(Data below begins)

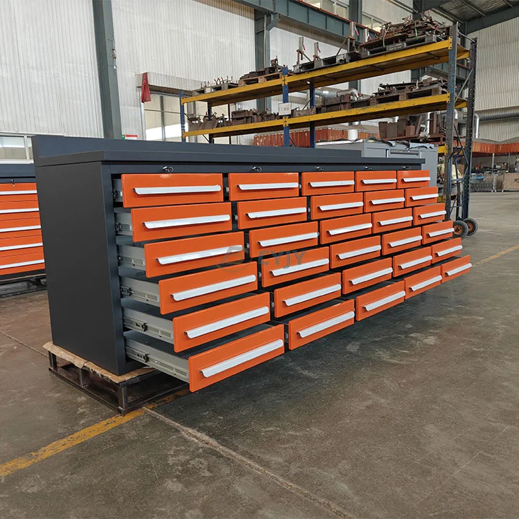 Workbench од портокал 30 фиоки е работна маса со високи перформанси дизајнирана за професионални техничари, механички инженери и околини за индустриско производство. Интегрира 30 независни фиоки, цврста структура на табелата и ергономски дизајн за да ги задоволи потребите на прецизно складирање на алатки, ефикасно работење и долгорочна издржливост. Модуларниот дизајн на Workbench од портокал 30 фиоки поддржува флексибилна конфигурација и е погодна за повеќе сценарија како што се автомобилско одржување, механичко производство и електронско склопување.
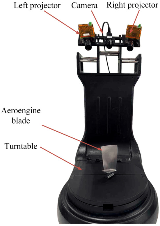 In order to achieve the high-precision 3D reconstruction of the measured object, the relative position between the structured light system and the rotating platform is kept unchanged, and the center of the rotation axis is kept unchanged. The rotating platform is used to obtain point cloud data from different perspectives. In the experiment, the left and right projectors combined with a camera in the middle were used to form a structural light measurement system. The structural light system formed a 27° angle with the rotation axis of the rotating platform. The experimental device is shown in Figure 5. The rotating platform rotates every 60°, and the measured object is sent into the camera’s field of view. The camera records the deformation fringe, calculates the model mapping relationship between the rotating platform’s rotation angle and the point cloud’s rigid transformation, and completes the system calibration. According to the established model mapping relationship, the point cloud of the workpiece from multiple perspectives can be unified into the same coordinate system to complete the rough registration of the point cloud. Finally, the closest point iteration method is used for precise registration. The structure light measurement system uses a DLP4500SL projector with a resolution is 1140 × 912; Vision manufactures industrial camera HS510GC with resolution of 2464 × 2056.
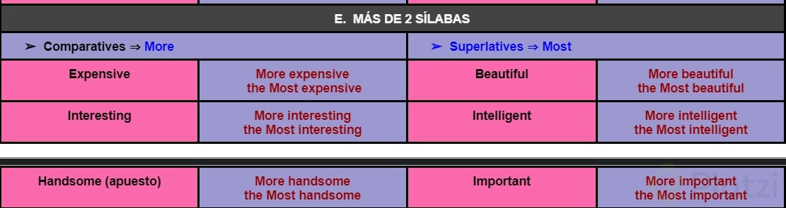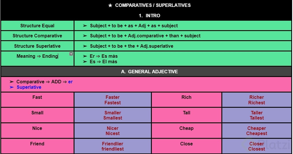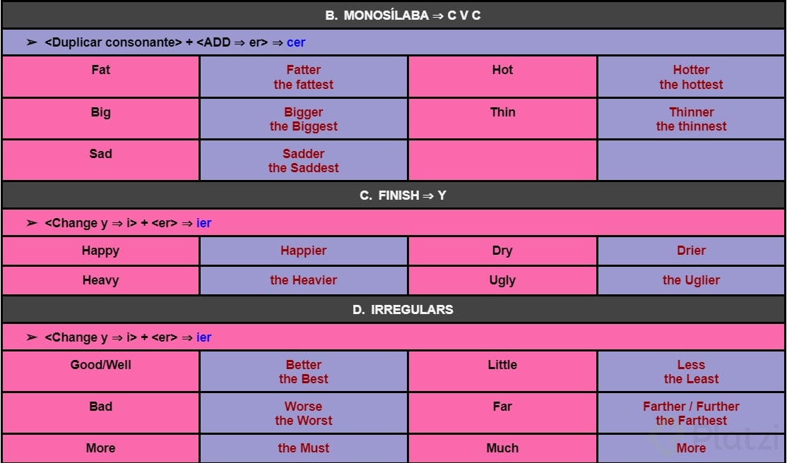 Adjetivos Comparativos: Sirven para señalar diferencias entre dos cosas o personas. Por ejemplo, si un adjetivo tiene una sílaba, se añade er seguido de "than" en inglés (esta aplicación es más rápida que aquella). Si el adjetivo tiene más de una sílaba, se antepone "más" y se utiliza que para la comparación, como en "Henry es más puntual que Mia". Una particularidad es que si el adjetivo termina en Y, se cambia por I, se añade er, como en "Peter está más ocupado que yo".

(Data below ends)

All the material above should be written out exactly, with images omitted.

§ Result for this exercise:
 Workbench од портокал 30 фиоки е работна маса со високи перформанси дизајнирана за професионални техничари, механички инженери и околини за индустриско производство. Интегрира 30 независни фиоки, цврста структура на табелата и ергономски дизајн за да ги задоволи потребите на прецизно складирање на алатки, ефикасно работење и долгорочна издржливост. Модуларниот дизајн на Workbench од портокал 30 фиоки поддржува флексибилна конфигурација и е погодна за повеќе сценарија како што се автомобилско одржување, механичко производство и електронско склопување.
 In order to achieve the high-precision 3D reconstruction of the measured object, the relative position between the structured light system and the rotating platform is kept unchanged, and the center of the rotation axis is kept unchanged. The rotating platform is used to obtain point cloud data from different perspectives. In the experiment, the left and right projectors combined with a camera in the middle were used to form a structural light measurement system. The structural light system formed a 27° angle with the rotation axis of the rotating platform. The experimental device is shown in Figure 5. The rotating platform rotates every 60°, and the measured object is sent into the camera’s field of view. The camera records the deformation fringe, calculates the model mapping relationship between the rotating platform’s rotation angle and the point cloud’s rigid transformation, and completes the system calibration. According to the established model mapping relationship, the point cloud of the workpiece from multiple perspectives can be unified into the same coordinate system to complete the rough registration of the point cloud. Finally, the closest point iteration method is used for precise registration. The structure light measurement system uses a DLP4500SL projector with a resolution is 1140 × 912; Vision manufactures industrial camera HS510GC with resolution of 2464 × 2056.
 Adjetivos Comparativos: Sirven para señalar diferencias entre dos cosas o personas. Por ejemplo, si un adjetivo tiene una sílaba, se añade er seguido de "than" en inglés (esta aplicación es más rápida que aquella). Si el adjetivo tiene más de una sílaba, se antepone "más" y se utiliza que para la comparación, como en "Henry es más puntual que Mia". Una particularidad es que si el adjetivo termina en Y, se cambia por I, se añade er, como en "Peter está más ocupado que yo".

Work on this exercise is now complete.